18. Besides, Section 149 (1) which casts a duty on the insurer to discharge and satisfy the award made against the insured by fastening a liability
on it, does not speak of policy of insurance. It speaks of certificate of insurance which includes a cover note.
19. There is yet another aspect of the case. Though it is the case of the appellant insurer that the cover note Exh. RW 4A was cancelled well
before the accident vide communication dated 21.9.1992, Exh. RW 2B, nothing has come on the record to show that the said communication,
which is shown to have been sent by registered post, was actually posted. The best evidence in the form of postal receipt has not been produced.

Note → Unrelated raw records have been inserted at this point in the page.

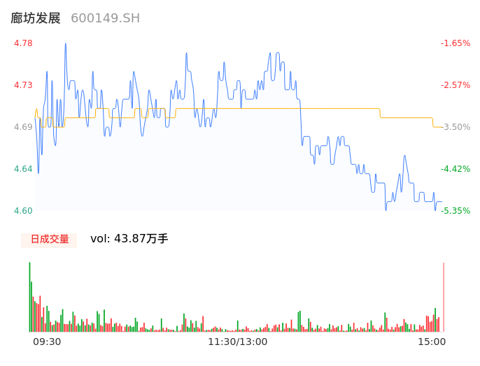 04月11日,廊坊发展收报4.61,股价涨幅-5.14%,成交金额2.06亿元,换手率11.54%。
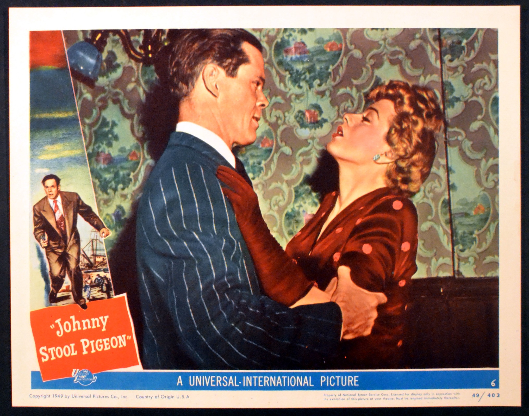 Original 11 inch x 14 inch U.S. Lobby Card of SHELLEY WINTERS & DAN DURYEA in the 1949 William Castle Film Noir JOHNNY STOOL PIGEON, based on a story by Henry Jordan.
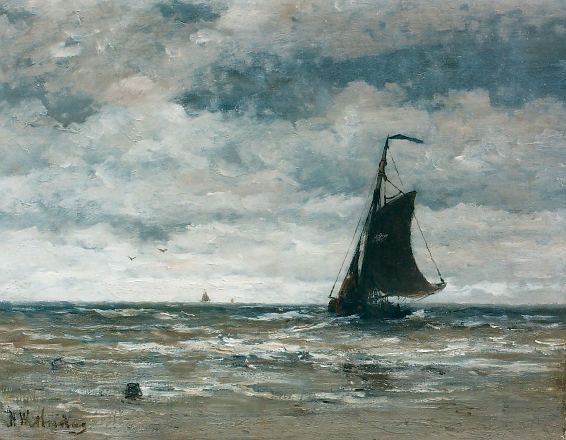 Hendrik Willem Mesdag kunstwerk • schilderij • voorheen te koop Bomschuit voor de kust
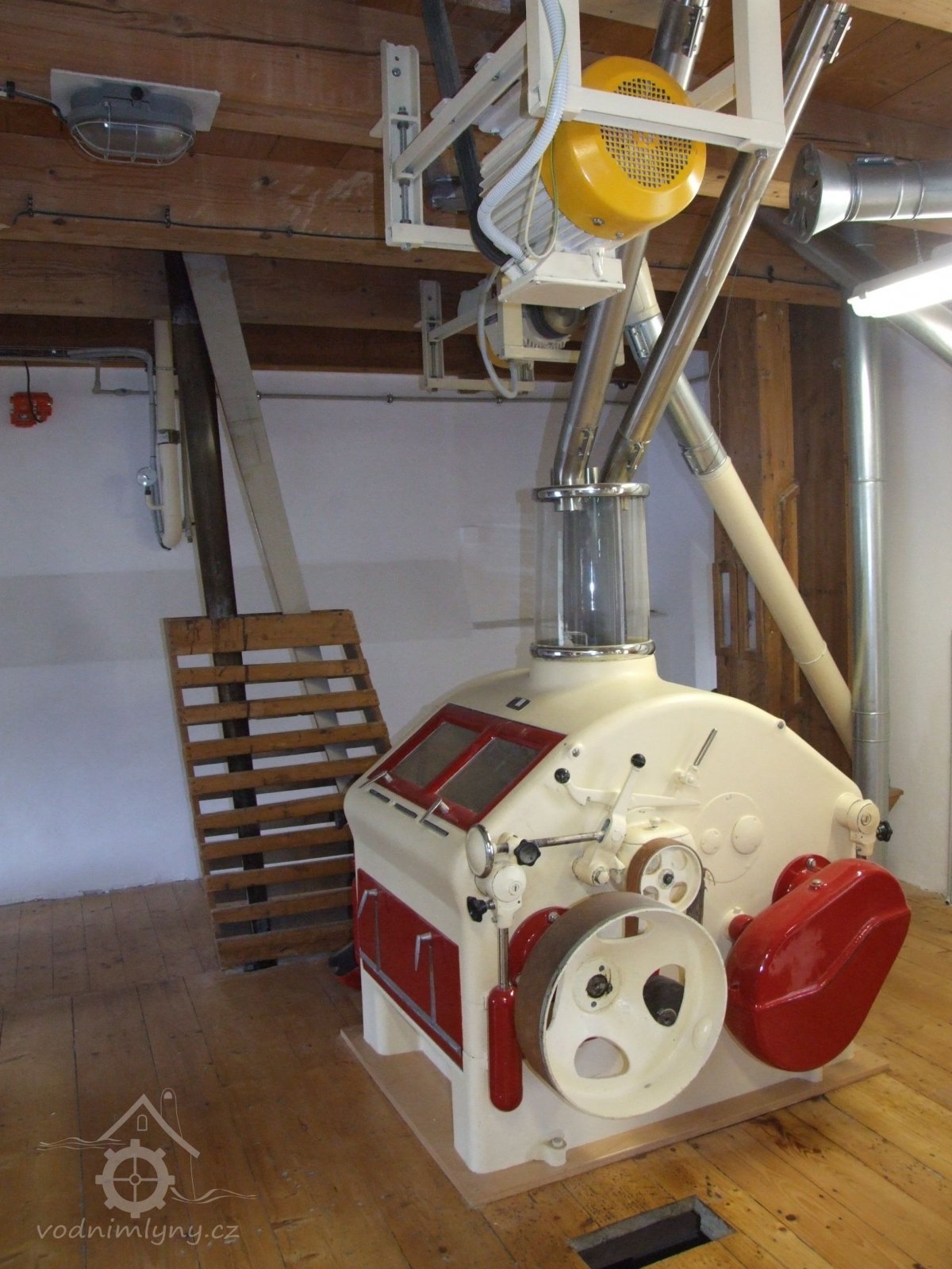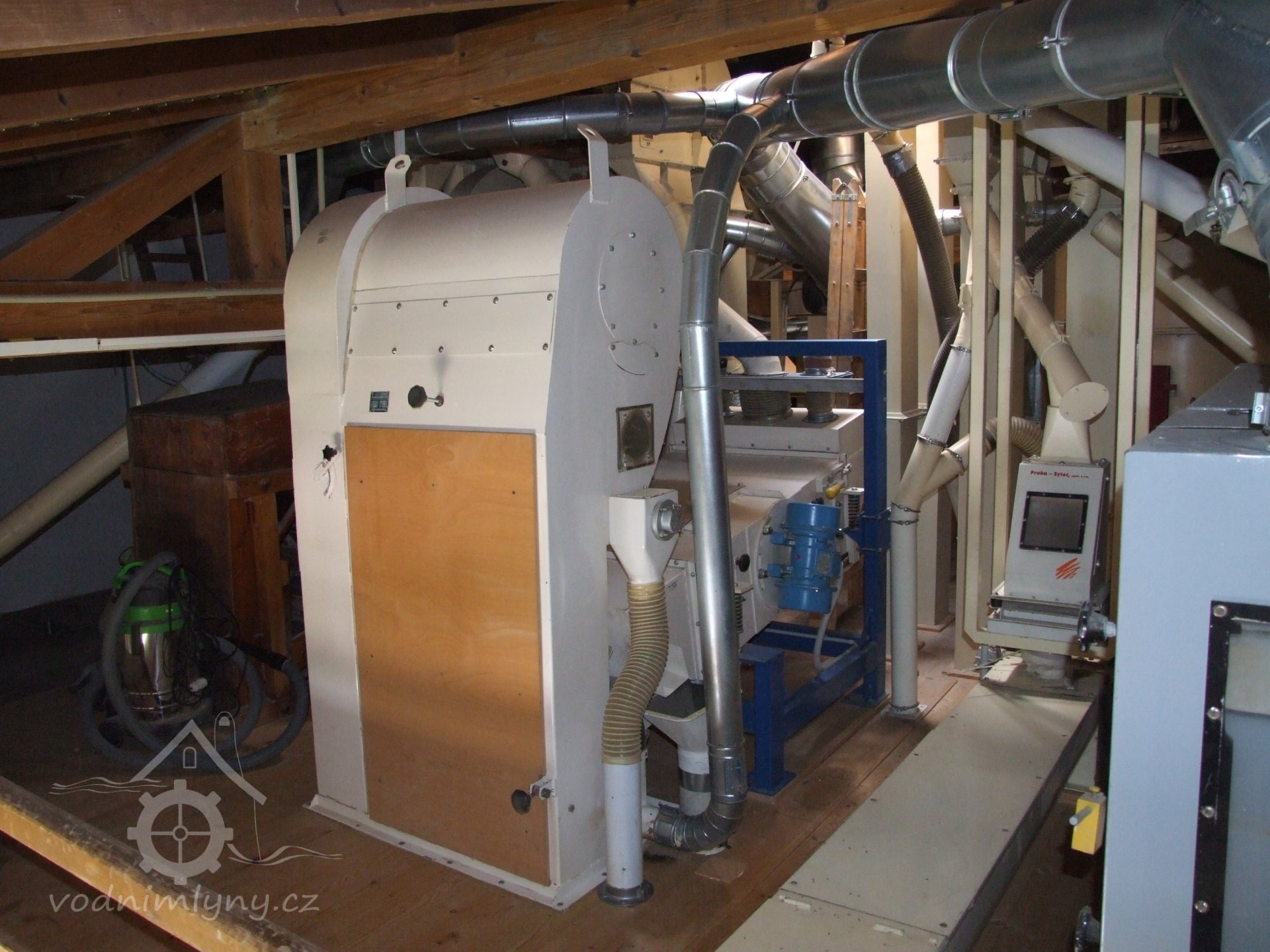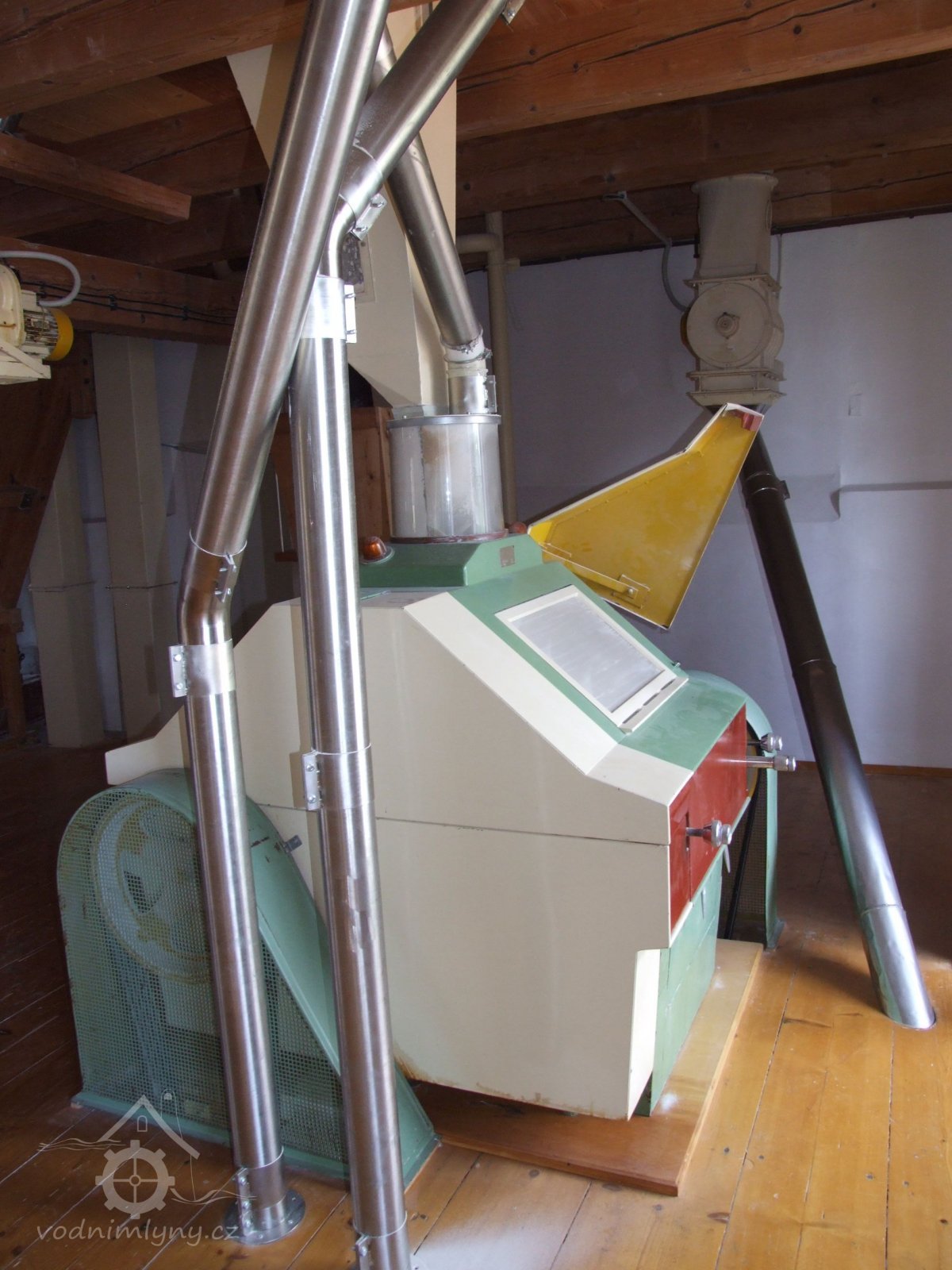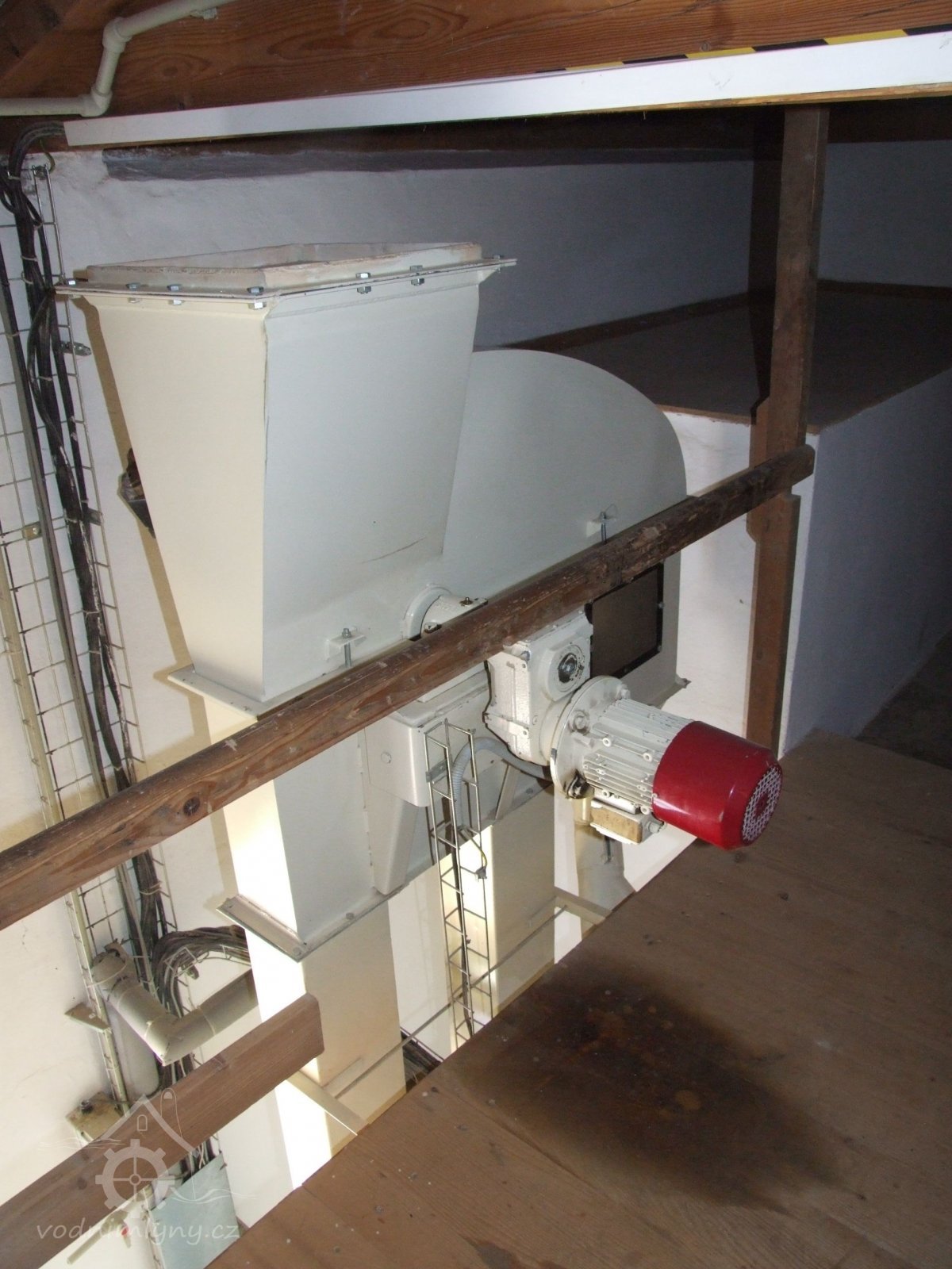 Mlýn Na Závodí č.p. 105, Holasovice – 2. patro: moderní čistička obilí, červen 2023, © Jiří Hořák

So much so that even the Divisional Manager of appellant insurer while appearing as RW 2 has not stated that the communication Exh. RW 2B
was actually posted. He has deposed:
...The said cheque was sent for collection to the insured bank which was returned as dishonour by State Bank of India, Rajban branch through
Exh. RW 2A with the remarks ''referred to the drawer''. Thereafter we issued notice Exh. RW 2B to the insured bank and copy to Development
Officer.
(Emphasis supplied)
20. Thus, as per the appellant insurer own showing the communication Exh. RW 2B was sent by it to the bank of the insured and not to the
insured. Therefore, it cannot be said that the contract of insurance was cancelled/terminated validly before the accident in order to absolve the
appellant insurer from its liability.
21. The learned Tribunal has, therefore, rightly held the appellant insurer liable for payment of the amounts of compensation awarded in favour of
various claimants-respondents under the impugned award.
22. Resultantly, all the appeals being devoid of merit are dismissed leaving the parties to bear their own costs.